**What to produce**
Quote word for word the lines below, beginning with the first and ending with the one that has "1998 Китайская международная". Drop the pictures.

Records from a collection:
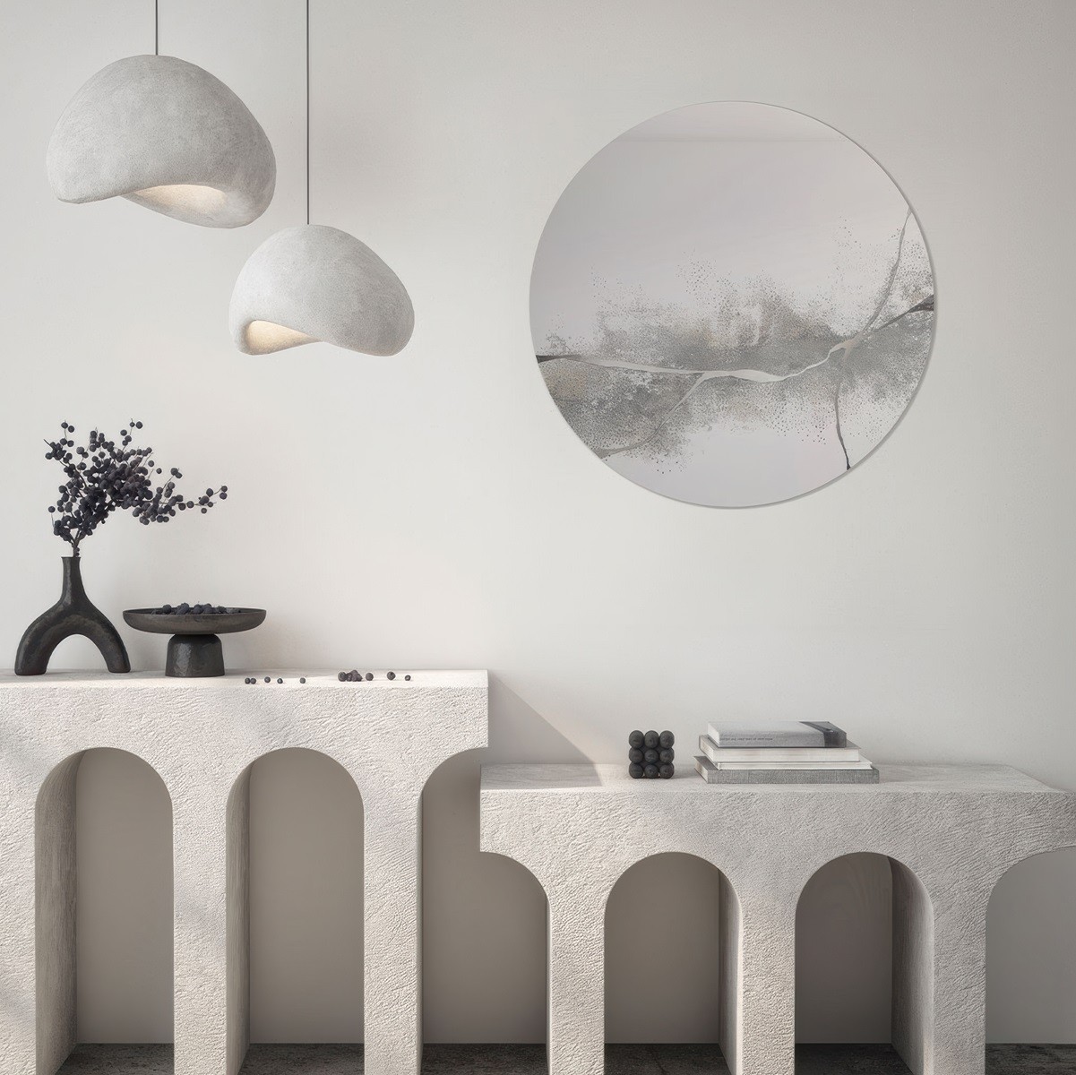 El espejo artístico Kintsugi, es una obra maestra que fusiona la belleza moderna con la elegancia de la tradición japonesa. El diseño distintivo de este espejo original está inspirado en la antigua práctica japonesa del kintsugi, un arte que celebra la belleza de las grietas y fracturas. La decoración captura la esencia de esta técnica, incorporando una delicada veta plateada que atraviesa la base con elegancia. Esta veta difuminada, casi como un rayo de luz, resalta el aspecto moderno del espejo mientras evoca el encanto atemporal del kintsugi.
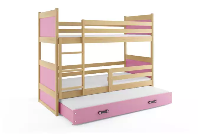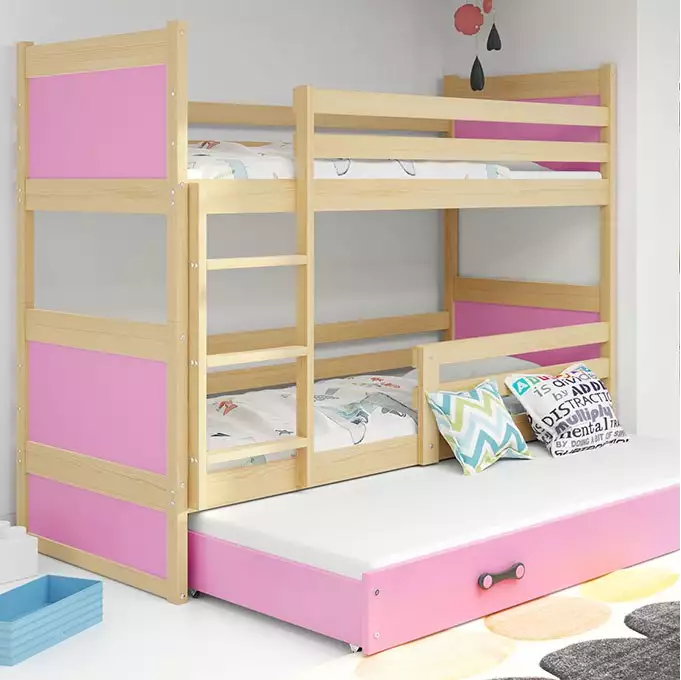 RICO 90X200 trijų asmenų jaunimo lova su čiužiniu ir stalčiumi, pušis/rožinė
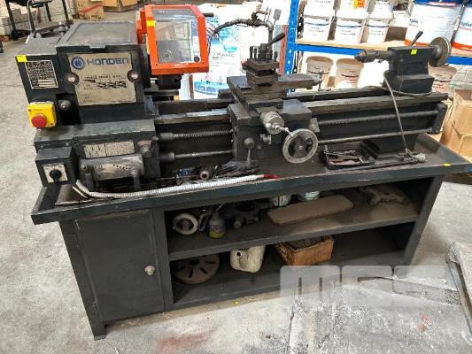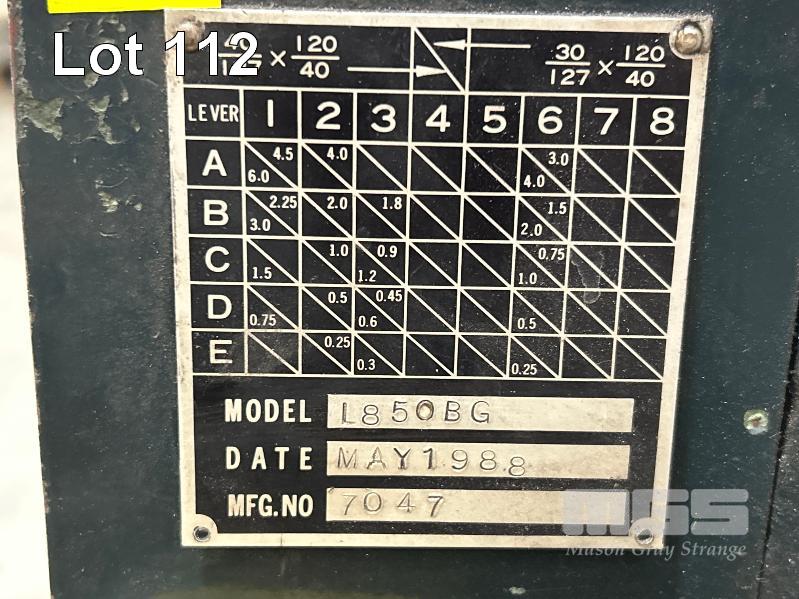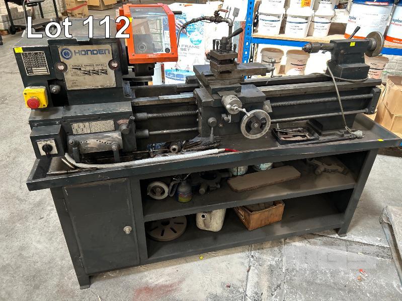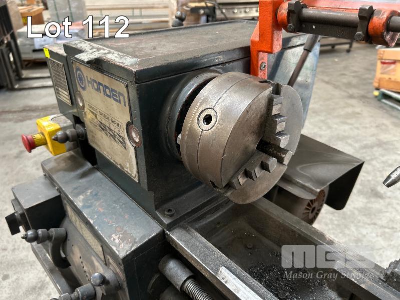 LATHE, HODEN MOD: L850BG DOM: 1988 MFG NO: 7047 BED LENGTH: 1200mm SWING: 300mm THROUGH FEED: 35mm DIAMETER CHUCK SAFETY GUARD WITH 2 x 3 JAW & 1 x 4 JAW CHUCKS FACE PLATE, 2 x STEADYS, TOOL HOLDER, ENGINEERS VICE, DRILL BITS & MANUAL 240V
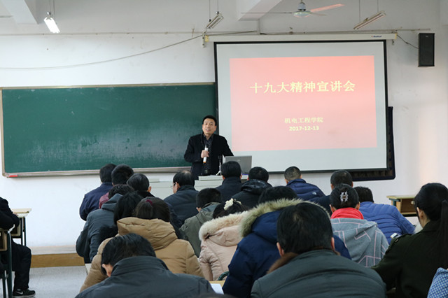 12月13日下午,机电工程学院党总支在B17-311举行十九大精神宣讲会,宣讲会由校宣讲团成员、副院长鲍桂楠同志主讲,机电工程学院全体教师和学生党员参加了此次宣讲会。
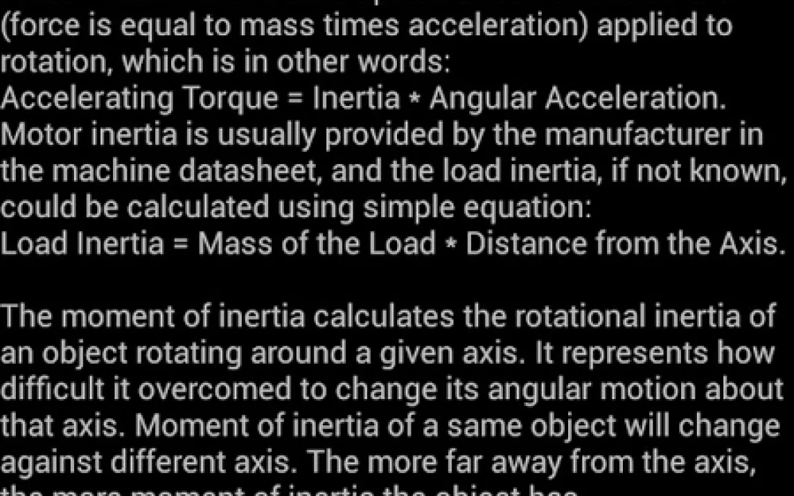 Основная задача приложения — обеспечить быстрый и наглядный инженерный анализ. Вы вводите известные параметры: номинальную скорость двигателя, момент инерции, развиваемый двигателем момент и момент нагрузки. Алгоритм, построенный на чётких теоретических допущениях, моментально выдаёт расчётное время пуска. Этот подход не только экономит часы работы, но и служит превосходным образовательным инструментом, визуализируя связь между теорией электромеханики и практическими эксплуатационными характеристиками. Вы сможете на реальных примерах изучать, как изменение момента инерции или нагрузки влияет на динамику запуска, что незаменимо для учебных курсов по электротехнике и машиностроению.
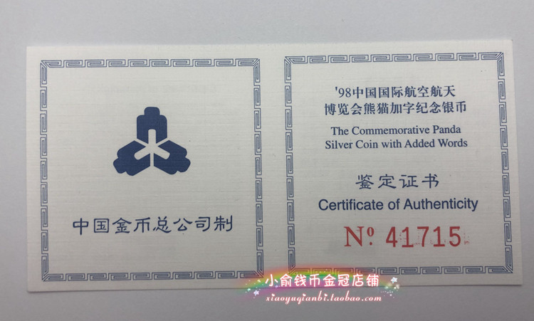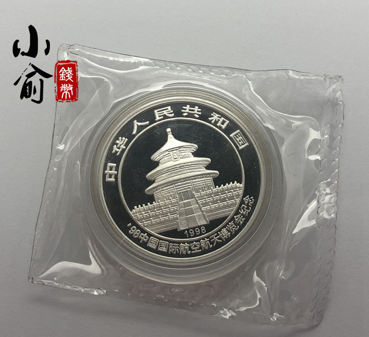 1998 Китайская международная аэрокосмическая ярмарка Панда плюс серебряные монеты .1 унция.
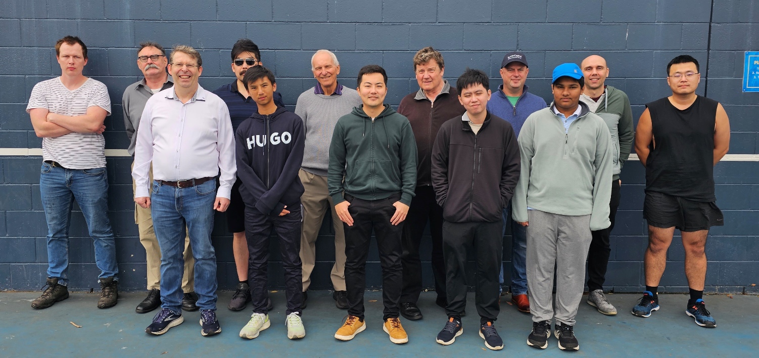 Pictured Below (Left to Right): IM Brodie McClymont, FA David Esmonde, Toowoomba Chess Club President Ross Mills, IM George Xie, CM Jayden Ooi, FA Graeme Gardiner, IM Junta Ikeda, IM Stephen Solomon, GM Moulthun Ly, Our Major Sponsor Brett Walker from Byron Capital, FM Sravan Renjith, GM Dr. David Smerdon, FM Yi Liu
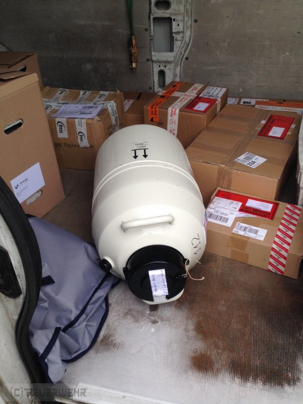 Der gemeldete Fahrzeugbrand entpuppte sich als umgekippter Druckbehälter. Das Kühlmittel trat aus und verursachte die starke Rauchentwicklung.
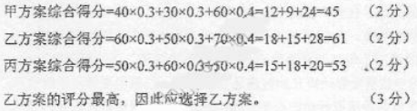 某公司计划开发一种新产品,共提出甲乙丙三套开发方案。公司从投资可行性、技术可 行性、市场可行性三个方面对方案进行综合评价。各项评价因素的权重分别设定为 0.3、0.3、O。4,并请有关专家对三个开发方案进行评分;各项因素的权重和评分平均值见下表:

**Answer section**
 El espejo artístico Kintsugi, es una obra maestra que fusiona la belleza moderna con la elegancia de la tradición japonesa. El diseño distintivo de este espejo original está inspirado en la antigua práctica japonesa del kintsugi, un arte que celebra la belleza de las grietas y fracturas. La decoración captura la esencia de esta técnica, incorporando una delicada veta plateada que atraviesa la base con elegancia. Esta veta difuminada, casi como un rayo de luz, resalta el aspecto moderno del espejo mientras evoca el encanto atemporal del kintsugi.
 RICO 90X200 trijų asmenų jaunimo lova su čiužiniu ir stalčiumi, pušis/rožinė
 LATHE, HODEN MOD: L850BG DOM: 1988 MFG NO: 7047 BED LENGTH: 1200mm SWING: 300mm THROUGH FEED: 35mm DIAMETER CHUCK SAFETY GUARD WITH 2 x 3 JAW & 1 x 4 JAW CHUCKS FACE PLATE, 2 x STEADYS, TOOL HOLDER, ENGINEERS VICE, DRILL BITS & MANUAL 240V
 12月13日下午,机电工程学院党总支在B17-311举行十九大精神宣讲会,宣讲会由校宣讲团成员、副院长鲍桂楠同志主讲,机电工程学院全体教师和学生党员参加了此次宣讲会。
 Основная задача приложения — обеспечить быстрый и наглядный инженерный анализ. Вы вводите известные параметры: номинальную скорость двигателя, момент инерции, развиваемый двигателем момент и момент нагрузки. Алгоритм, построенный на чётких теоретических допущениях, моментально выдаёт расчётное время пуска. Этот подход не только экономит часы работы, но и служит превосходным образовательным инструментом, визуализируя связь между теорией электромеханики и практическими эксплуатационными характеристиками. Вы сможете на реальных примерах изучать, как изменение момента инерции или нагрузки влияет на динамику запуска, что незаменимо для учебных курсов по электротехнике и машиностроению.
 1998 Китайская международная аэрокосмическая ярмарка Панда плюс серебряные монеты .1 унция.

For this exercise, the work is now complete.